GOAL OF THE EXERCISE
Print nothing except the lines of the listing below from the line with "Andrée Lumière (center)" to the line with "粮食酿酒全面短缺;不过,再困", each exactly as written, both ends included.

DATA FOR THIS EXERCISE
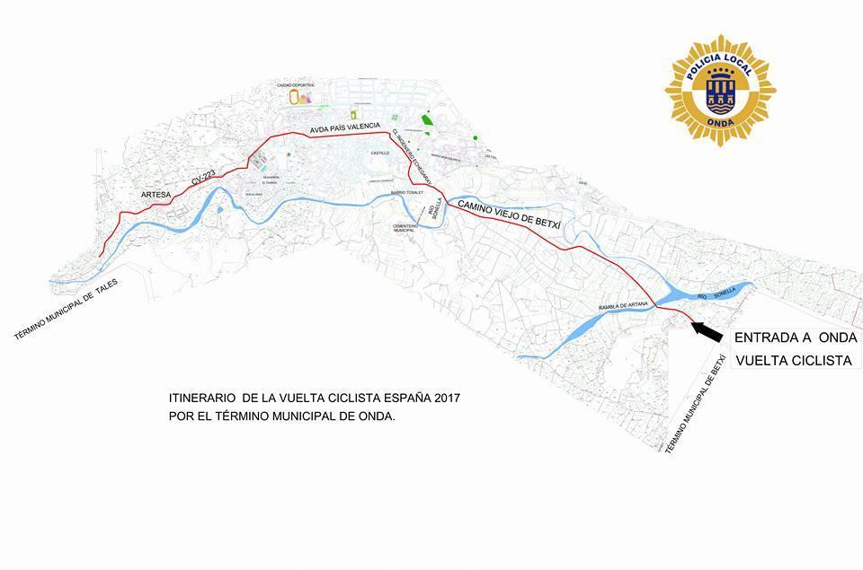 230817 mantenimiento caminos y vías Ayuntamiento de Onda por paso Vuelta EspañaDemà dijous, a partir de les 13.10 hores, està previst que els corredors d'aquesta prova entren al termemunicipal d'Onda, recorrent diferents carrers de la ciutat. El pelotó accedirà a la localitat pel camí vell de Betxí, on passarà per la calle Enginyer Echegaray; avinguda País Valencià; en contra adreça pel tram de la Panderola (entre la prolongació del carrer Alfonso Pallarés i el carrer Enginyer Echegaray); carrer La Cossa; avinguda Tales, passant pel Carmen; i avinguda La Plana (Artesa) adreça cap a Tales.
---
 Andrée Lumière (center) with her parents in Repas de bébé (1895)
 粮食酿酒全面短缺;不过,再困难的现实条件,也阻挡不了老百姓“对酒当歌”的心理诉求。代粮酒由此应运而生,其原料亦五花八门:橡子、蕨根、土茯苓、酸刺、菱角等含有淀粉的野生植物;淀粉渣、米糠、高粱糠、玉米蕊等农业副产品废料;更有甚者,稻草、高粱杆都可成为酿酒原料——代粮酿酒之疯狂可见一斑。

WRITTEN ANSWER
 Andrée Lumière (center) with her parents in Repas de bébé (1895)
 粮食酿酒全面短缺;不过,再困难的现实条件,也阻挡不了老百姓“对酒当歌”的心理诉求。代粮酒由此应运而生,其原料亦五花八门:橡子、蕨根、土茯苓、酸刺、菱角等含有淀粉的野生植物;淀粉渣、米糠、高粱糠、玉米蕊等农业副产品废料;更有甚者,稻草、高粱杆都可成为酿酒原料——代粮酿酒之疯狂可见一斑。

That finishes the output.